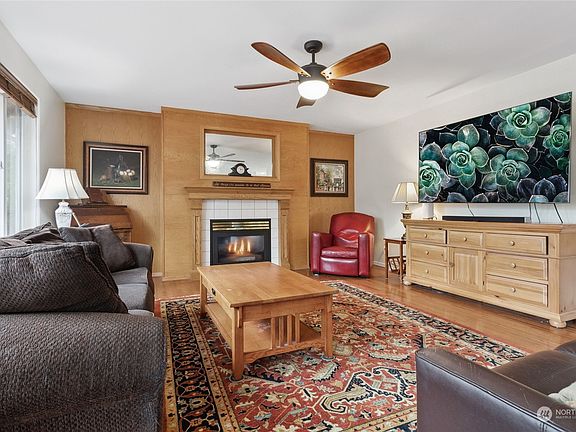 Silver Beach gem, 3bd/2ba. Open Concept, with beautiful hardwood flooring throughout the home. Wonderful location with mountains and valley views, easy access to Barkley Village and adjacent to a community park/playground. The Great Rm separates easily into dining and living area, the tiled gas fireplace, carved wood mantle w/mirror add warmth to the room. Primary bedroom with ensuite bathroom. Newer large capacity Samsung W/D stays as does the new refrigerator and a new gas furnace is located in the double car garage. Partly fenced back yard has apple, plum and pear trees, plus herbs and flowers. HOA has off street parking for recreation vehicles.
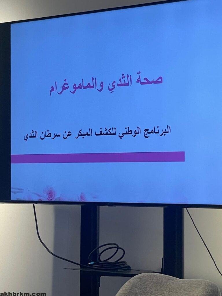 وشمل البرنامح على ورشة عمل عن كيفية الفحص الذاتي قدمتها د. وداد الحازمي وأكدت خلال الورشة على أهمية الفحص الذاتي للصدر لكل سيدة أو فتاة بأن تقوم به من وقت لآخر مشددة على ضرورة أن يتعلمن القيام به كإجراء أولي وقائي ، وإلى الفحص السريري الذي يقوم به المختص والفحص التصويري الماموجرام فله دور كبير بإذن الله في زيادة معدل الشفاء ، كما ذكرت الخطة العلاجية في المراحل المختلفة والخيارات العلاجية لكل مرحلة،وأشارت ” الحازمي ” إلى أهمية الوقاية بإتباع نمط الحياة الصحي والنشاط البدني والمحافظة على الوزن المثالي وختمت الورشة برسالة تعزيز وتأكيد على أن الكشف المبكر عن سرطان الثدي عمل بطولي تستحق الشكر عليه.
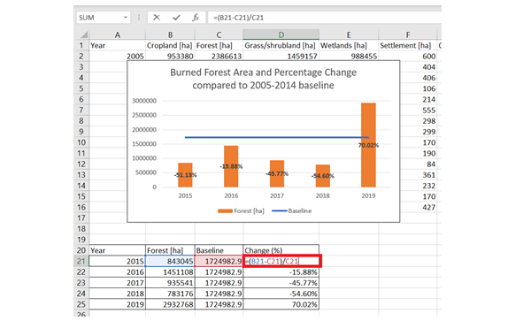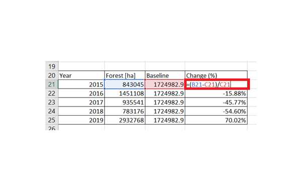 8. To calculate percentage change in any year relative to the baseline, first create a table similar to the one that can be seen in figure 9, containing the data related to the years 2015-2019 and the value for burned forest area and the baseline that was calculated earlier. Subtract the baseline value from the number of hectares burned for any year, and divide by the baseline. Ensure the cell format is converted to ‘Percentage’ (see figure 10).
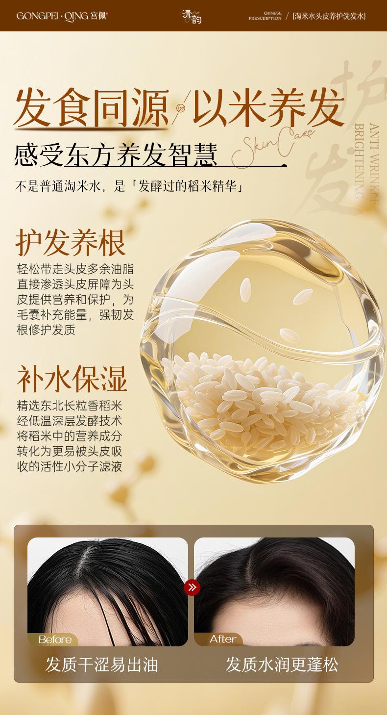 Champú para el Cuidado del Cuero Cabelludo con Agua de Arroz Palace Pei Fragancia Duradera Anticaspa Control de Grasa Suavizante Refrescante Champú de Agua de Arroz
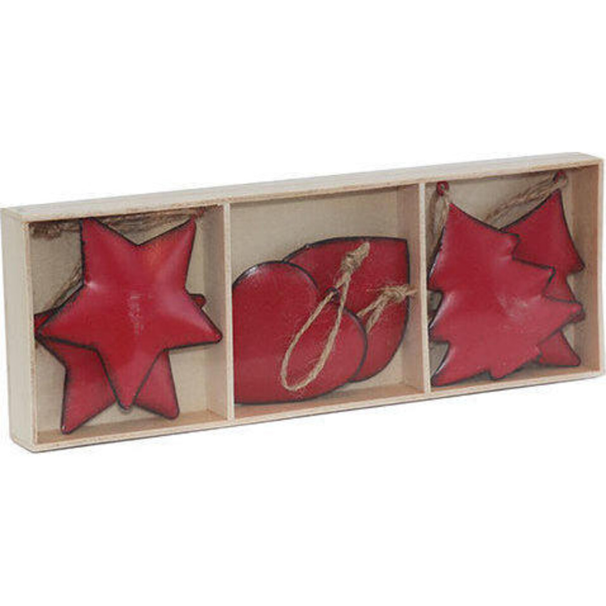 Adding touches of great décor pieces to build in the Christmassy look is rather an easy task with what Lavida has to offer. This wooden box comes with metal crafted trees, stars and hearts which could be used like any tree ornament and when not in use could be tucked away for the next season in its own case. The lovely antique burnished red colour adds more charm to its look. The light weight articles could be suspended with ease from trees, the window rod, the doorway or when you have a get together in the outdoors would make a splendid splash of red when placed on branches. There can never quite be anything more in keeping with the season that these three etetrnal symbols. The compactness and the convenience of having them come in such a pack of course makes it all the more covetable. The size of the ornaments is about 8 cm in height and around 7 cm in width. The box itself is 22 cm in length and comes with three compartments. Could be gifted at housewarmings to those who would be celebrating their first Christmas in their new home.
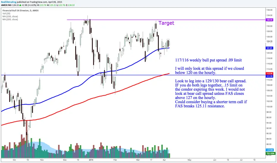 Look to leg into a 129/130 bear call spread. IF you do both legs together, .15 limit on the condor expiring this week. I would not look at bear call spread unless FAS closes above 127 on the hourly.
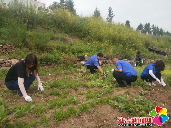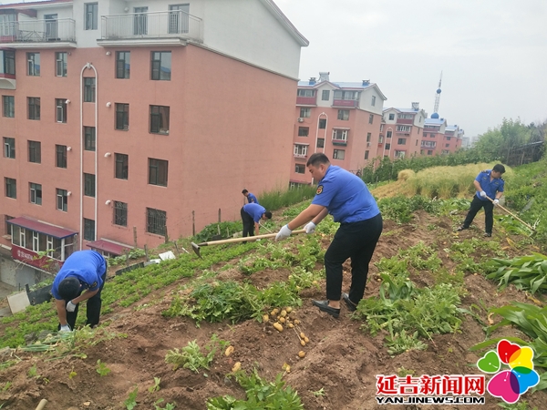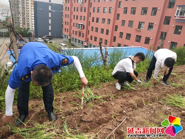 近日,延吉市公园街道园城社区联合延吉市行政执法局公园大队对水映玉楼种菜现象进行了清理整治,延吉市公园街道办事处副主任李昕、公园街道城建科工作人员、延吉市行政执法局公园大队及社区工作人员30余人参加。
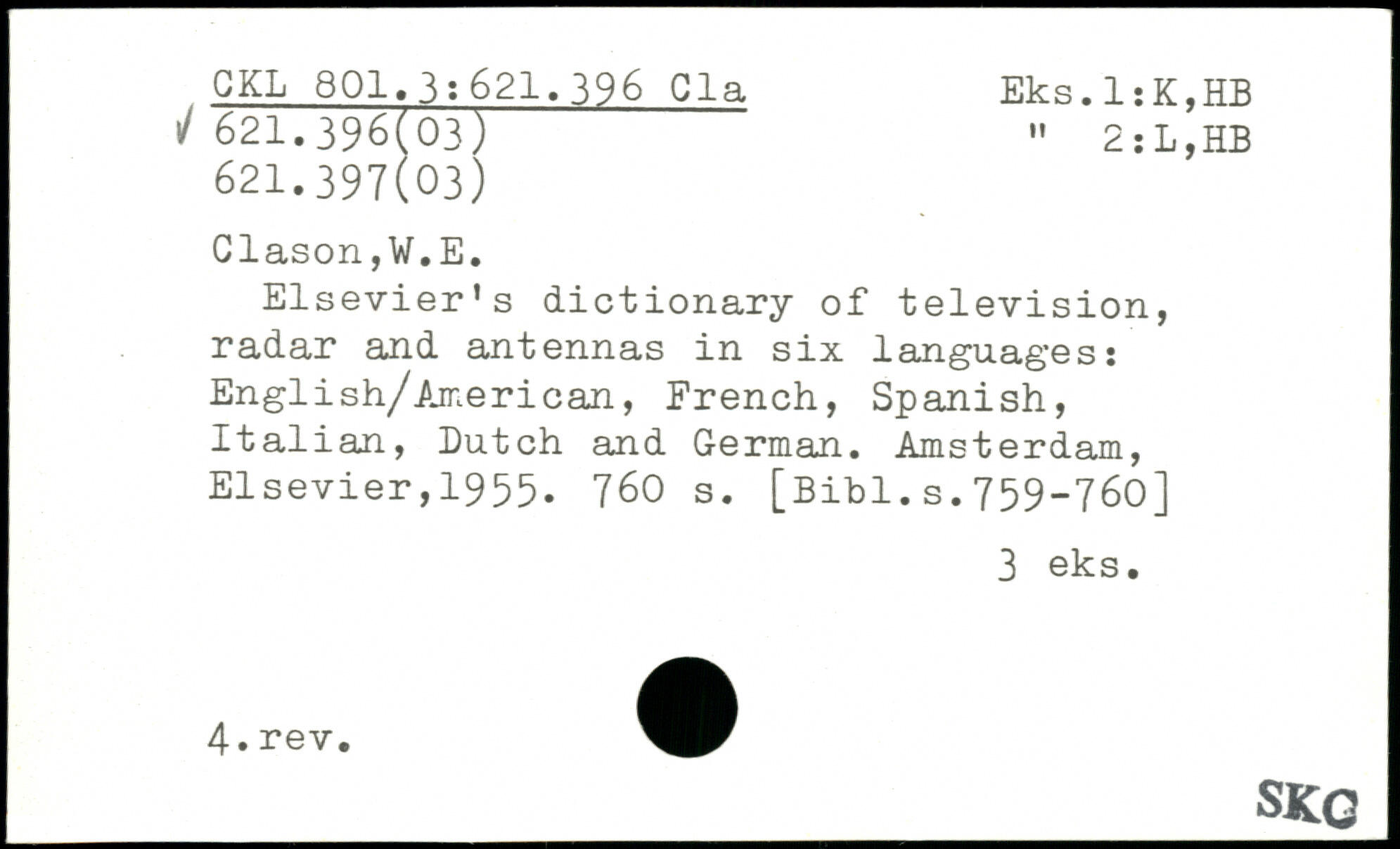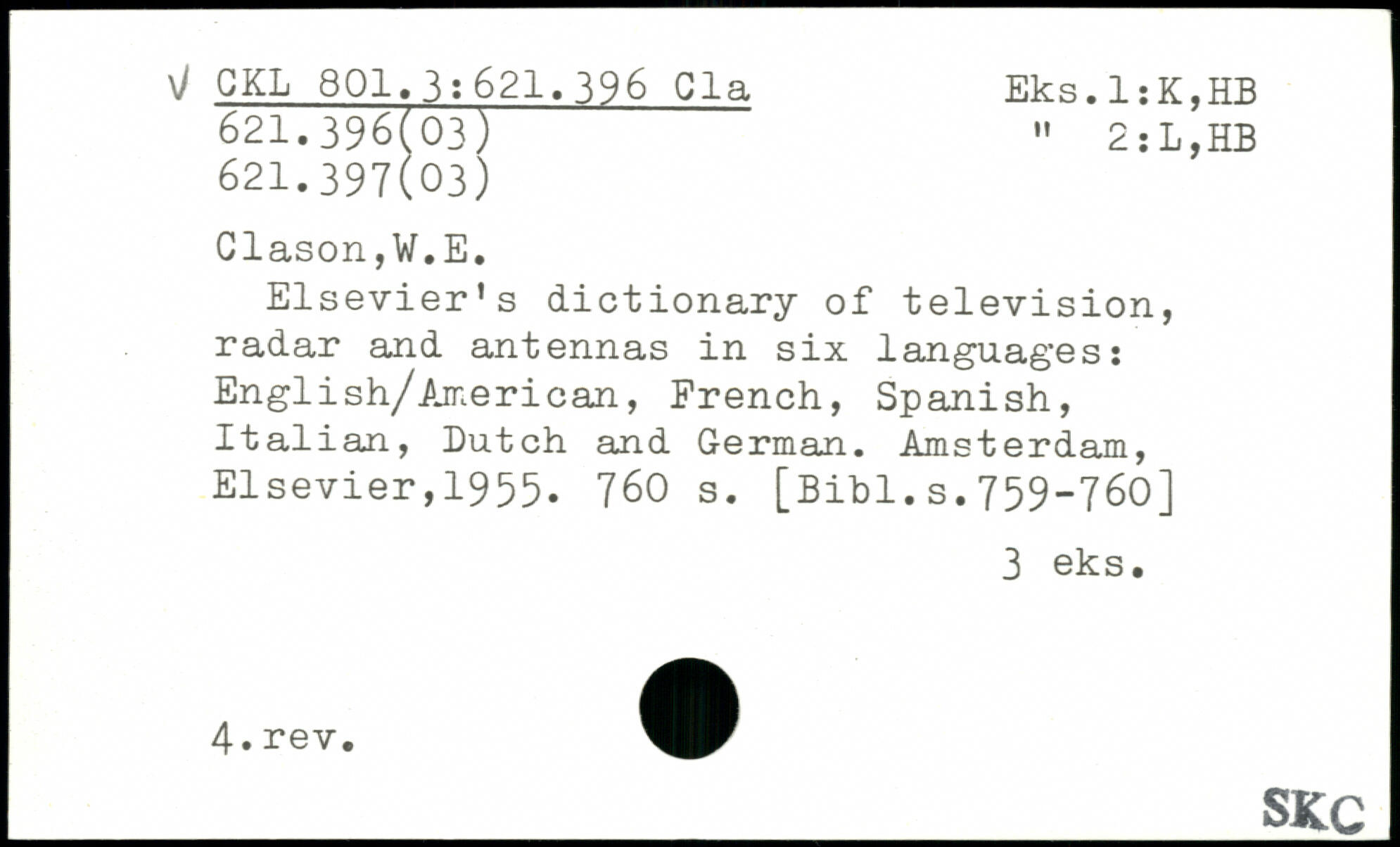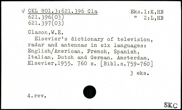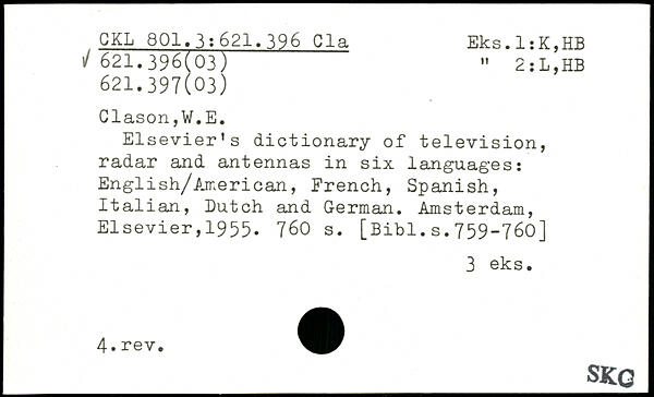 Elsevier's dictionary of television, radar and antennas in six languages: English/American, French, Spanish, Italian, Dutch and German.
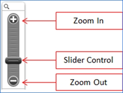 The Zoom Slider Control allows the user to navigate around the map using the pan and zoom controls. Using the Slider Control the user can zoom in by sliding the control up towards the
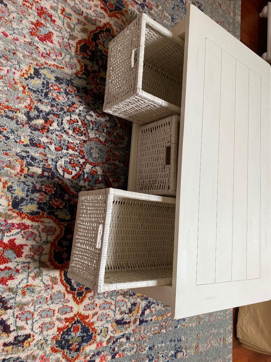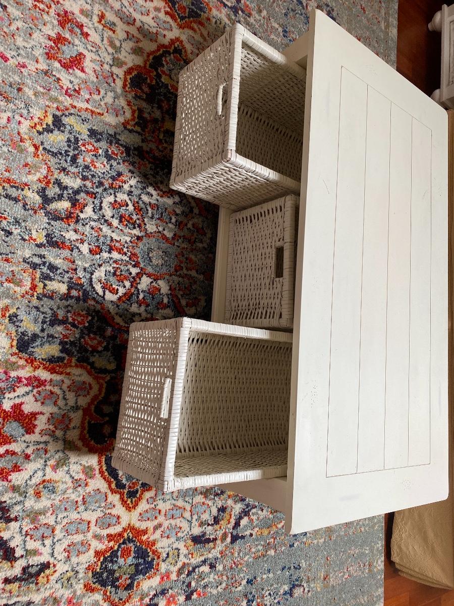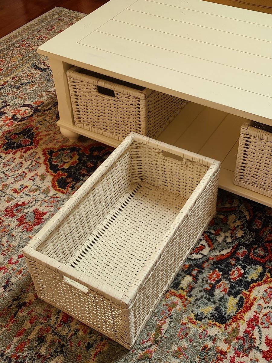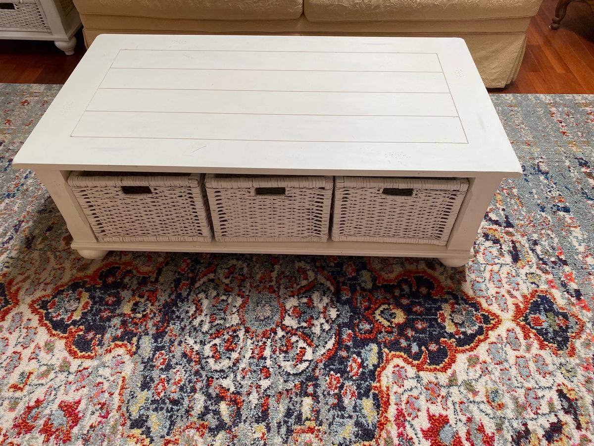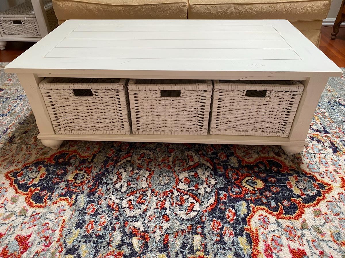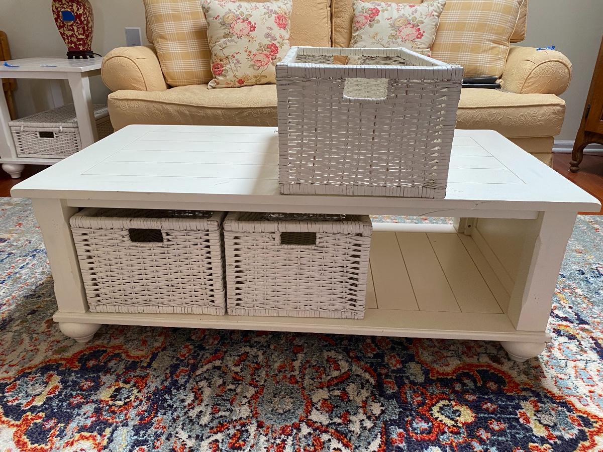 Lot 174: Shabby Chic/Farmhouse Design White Coffee Table with Basket Storage
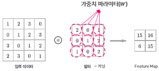 - 입력데이터에 필터를 적용하여 필터와 유사한 이미지의 영역을 강조하는 특성맵(feature map)을 출력 하여 다음 층(layer)으로 전달
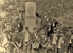 Col. Joseph Hill Sinex (center, hand on monument) with former members of the 91st Pennsylvania at the regiment's new monument at the highest point on Little Round Top, Gettysburg National Military Park, c. 1889.
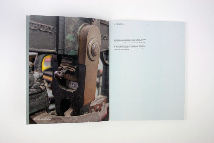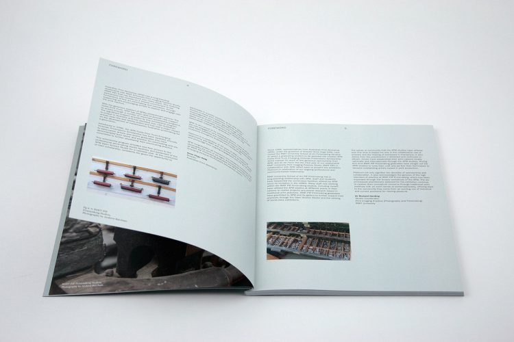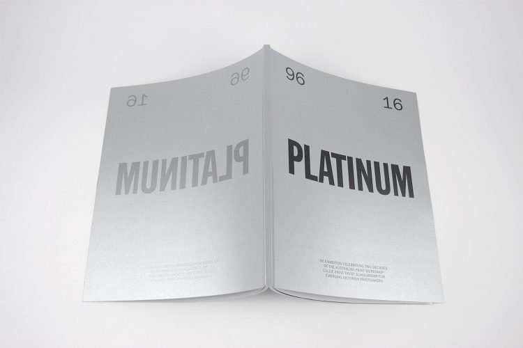 We were comissioned by RMIT to design this publication which accompanies an exhibition celebrating two decades of the Australian Print Workshop Collie Print Trust Emerging Victorian Printmakers Scholarship. The book featured essays and work from the past recipients of the scholarship. 40pp, perfect bound using a metalic silver cover stock appropriately called ‘sirio pearl platinum’ available from Spicers paper.
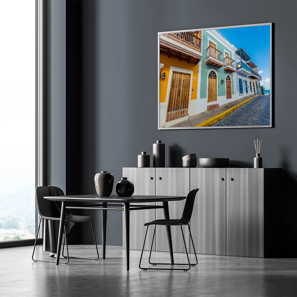 Bring the vibrant culture and architectural charm of Puerto Rico into your home with this stunning wall art featuring the colorful streets of Old San Juan. This high-quality Puerto Rico Wall Art captures the essence of the Caribbean with its lively colors, showcasing the rich heritage and beauty of Puerto Rican scenery. Perfect for any space, this artwork is available in various formats, including stretched canvas, framed prints, acrylic glass, and rolled options.
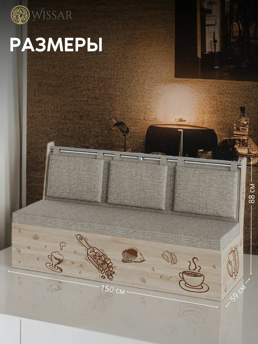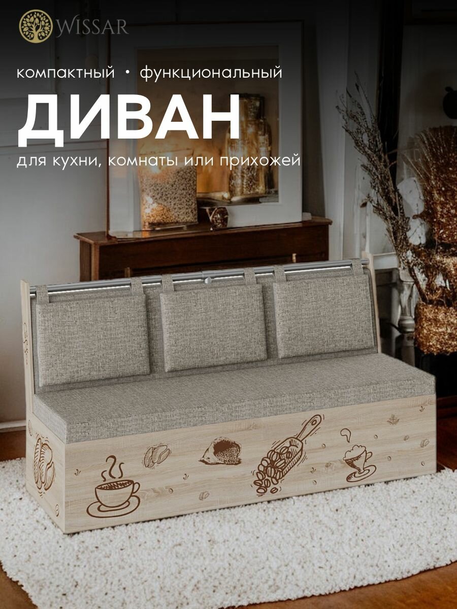 Диван на кухню прямой, кухонный диван с ящиком "Роденго" - дуб сонома/ТК рогожка бежевый интересное:
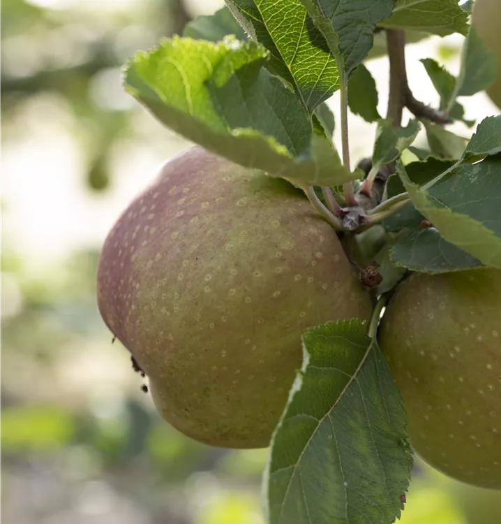 Der Winterapfel 'Roter Boskoop' besitzt große Früchte süßsauren Aromas, die über lange Zeiträume gelagert werden können.
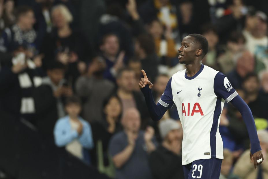 Pape Matar Sarr scoret fra langt hold da Tottenham slo Arsenal torsdag. Foto: Ian Walton / AP / NTB.
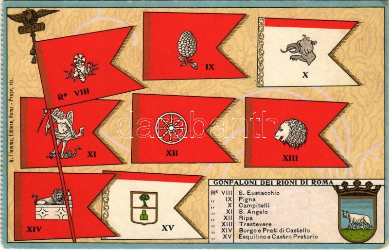 Gonfaloni dei Rioni di Roma / Banners of the districts of Rome, coat o... https://www.darabanth.com/hu/508-Gyorsarveres/508.0/Kepeslapok/Zaszlo-Cimer~670/Gonfaloni-dei-Rioni-di-Roma-Banners-of-the-districts-of-Rome-coat-of-arms-A-Fiamma-Editore-lit~II2596527
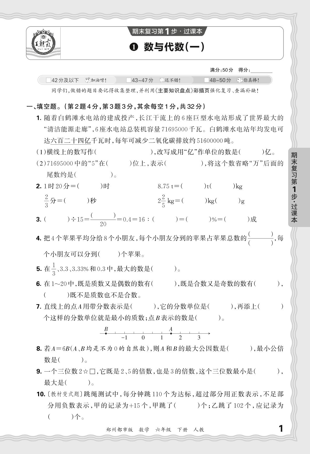 2024春下册六年级数学人教版 期末过课本郑州版·数与代数(一)【1】
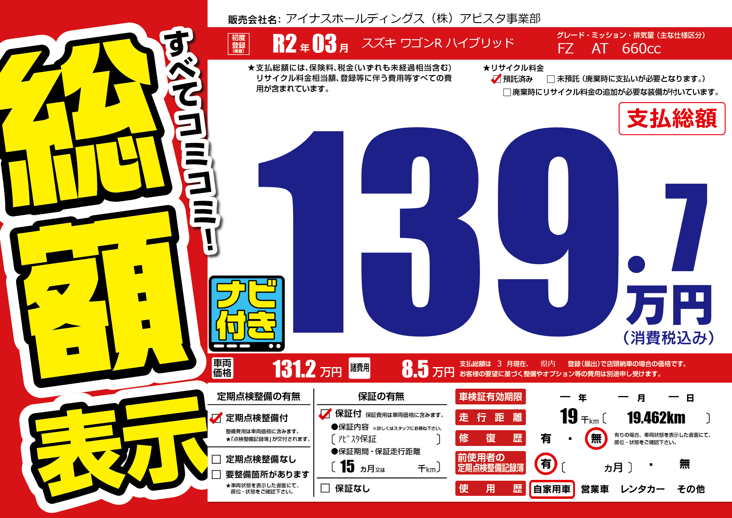 | 車名 | スズキ ワゴンR ハイブリッド | グレード ミッション 排気量 |
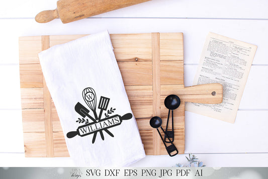 Kitchen Utensils Monogram / Last Name SVG | Farmhouse Kitchen Sign SVG | Tea Towel SVG | dxf and more! | Printable

□ □ □ □ □

Look through the material above. Transcribe exactly the lines between the ones with "Col. Joseph Hill" and "We were comissioned", inclusive, and keep pictures out.

 Col. Joseph Hill Sinex (center, hand on monument) with former members of the 91st Pennsylvania at the regiment's new monument at the highest point on Little Round Top, Gettysburg National Military Park, c. 1889.
 We were comissioned by RMIT to design this publication which accompanies an exhibition celebrating two decades of the Australian Print Workshop Collie Print Trust Emerging Victorian Printmakers Scholarship. The book featured essays and work from the past recipients of the scholarship. 40pp, perfect bound using a metalic silver cover stock appropriately called ‘sirio pearl platinum’ available from Spicers paper.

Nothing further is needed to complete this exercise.